Thank you very much for your insightful and constructive comments. We address each of your comments in detail.
[Novelty+feasibility evaluation with LLM and human] Please check the same tag under Reviewer YZ7h for novelty and feasibility evaluation conducted by both LLMs and humans.
[Fine-grained evaluation with LLM and human] Please check the same tag under Reviewer YZ7h for factual consistency and other fine-grained metrics.
[Ablation study on LLMs and graphs] Please check the same tag under Reviewer 5ZWh for experimental results with three different LLMs.
[Review writing performance analysis] For clarification of [Line359-361], please check the same tag under Reviewer t7zy for more analysis about why the performance drop.
[Input and output of ResearchTown] ResearchTown processes either full papers or abstracts, depending on the task, and outputs standardized formats to support consistent and scalable evaluation. For paper writing, it generates a condensed 5Q format [Line893–894]; for review writing, it produces bullet-point strengths and weaknesses [Line910]. Prompt templates are shown in Table12–13 [Line1379–1425], with examples in Table14–28 [Line1432–2253]. As described in Appendix C.3 [Line837–853], this alignment reduces evaluation complexity and enables sub-part similarity scoring [Line898–902]. Input sources vary: only the paper’s abstract is used during reading [Line994–995] and full papers are used for review writing [Line1171–1172]. Aggregation setting details are in [Line688–726].
[Future Application of ResearchTown] In [Line139–144], any research-related content—e.g., images, codebases, models, or social media posts—can be represented as nodes in the agent-data graph, with edge types like “cite paper,” “release model,” or “comment on X post” (examples in Figure 1) defining interactions. By specifying appropriate edge types and agent functions (f_u in [Line134–135]), the framework can be extended to simulate tasks such as code writing, model release, panel discussions, or lectures. While we focus on paper and review writing due to their importance, available real-world data, and simplicity, the framework supports broader applications.

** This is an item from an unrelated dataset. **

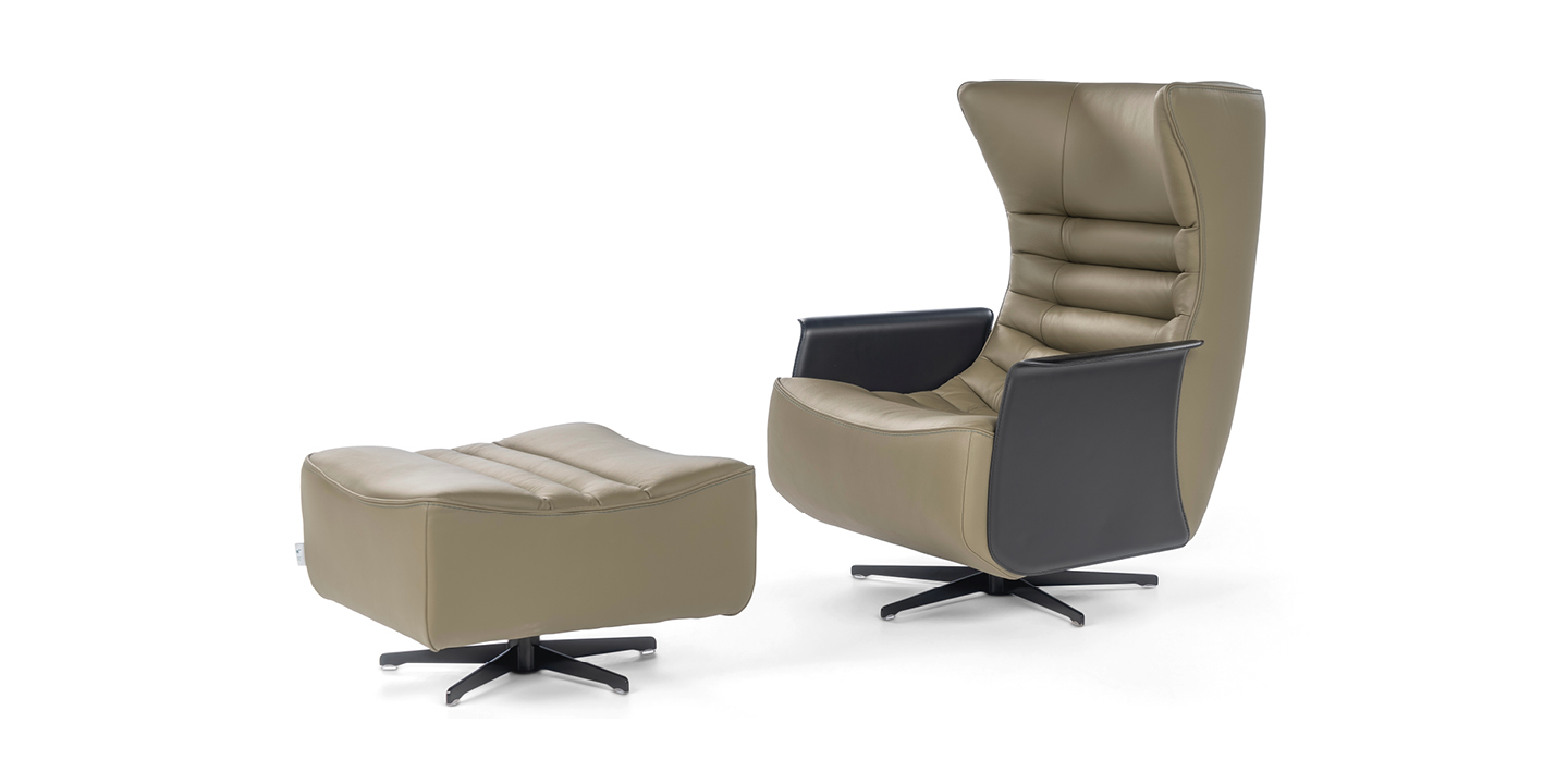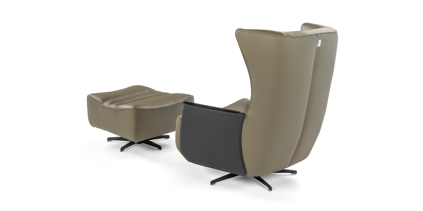 Generosa e accogliente, Gerrit è l’interpretazione in chiave moderna della classica poltrona da lettura, nuova e familiare allo stesso tempo. La parte interna della poltrona è arricchita da una lavorazione che ricorda una trapuntatura e che prosegue anche sul pouf, in continuità con la seduta. Il pouf ha una forma trapezoidale che richiama le geometrie della poltrona, integrandosi perfettamente. Poltrona e pouf sono disponibili nella versione fissa con piede in metallo o nella versione swivel che poggia su base a razze, adatta anche ad un contesto contract. In entrambe le versioni, fissa o swivel, la Gerrit può essere dotata di braccioli in cuoio rigenerato. Tutti i componenti (piede, base a razze e braccioli) sono disponibili in diverse finiture e/o colori che, abbinati al rivestimento scelto, possono dar vita a numerose combinazioni personalizzate. Il modello, disponibile in pelle o in tessuto interamente sfoderabile, presenta una profondità di soli 82 centimetri.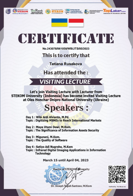 7. Підвищення кваліфікації за фахом University (Indonesia) Certifica 243078/061058/WB/JTS/05/202 15.03-4.04. 2,0 кредити. Затв. ВР ФТФ 10.10.23 р. пр. №2.

Additionally, ResearchTown can be extended to model social dynamics such as peer pressure, collaborations, and institutional roles via agent-agent relationship edges [Line133–135]. Our current implementation already includes role-based dynamics (e.g., leader vs. participant), and we plan to support richer simulations of institutional and reputational factors in future work.
[Cost and scalability of ResearchTown] TextGNN’s complexity scales linearly with the number of layers under standard GNN inference with full-batch inference. Our implementation uses GraphSAGE-style [1] to support per-paper evaluation, which is slightly less efficient but more practical. In line with findings from models like GraphSAGE, we observe that a 2-layer TextGNN is both robust and sufficient, making the cost affordable and controllable. Instead of deepening the GNN layer, we increase the number of transformation steps within each message-passing layer—interpreted as more agentic conversations—making it another scalable and effective approach. To demonstrate intra-layer scalability, we extend the AGG-agent setting [Line297–298] using the SWARM framework for multi-turn agent interactions, which boosts similarity scores from 52.32 to 57.68. These results show that agentic iteration within layers offers a practical and scalable alternative.
[Details on reviewer selection] To simulate realistic reviewer assignment, we collect over 3,000 unique authors from the author list of PaperBench dataset and generate profiles by summarizing their recent publications. Using the voyage-3 API, we embed each profile with the target paper’s abstract and select the top 5 most similar researchers, excluding the original authors. This method enables high-quality reviewer-paper matching—for example, a social learning paper was matched with reviewers experienced in social science and LLMs.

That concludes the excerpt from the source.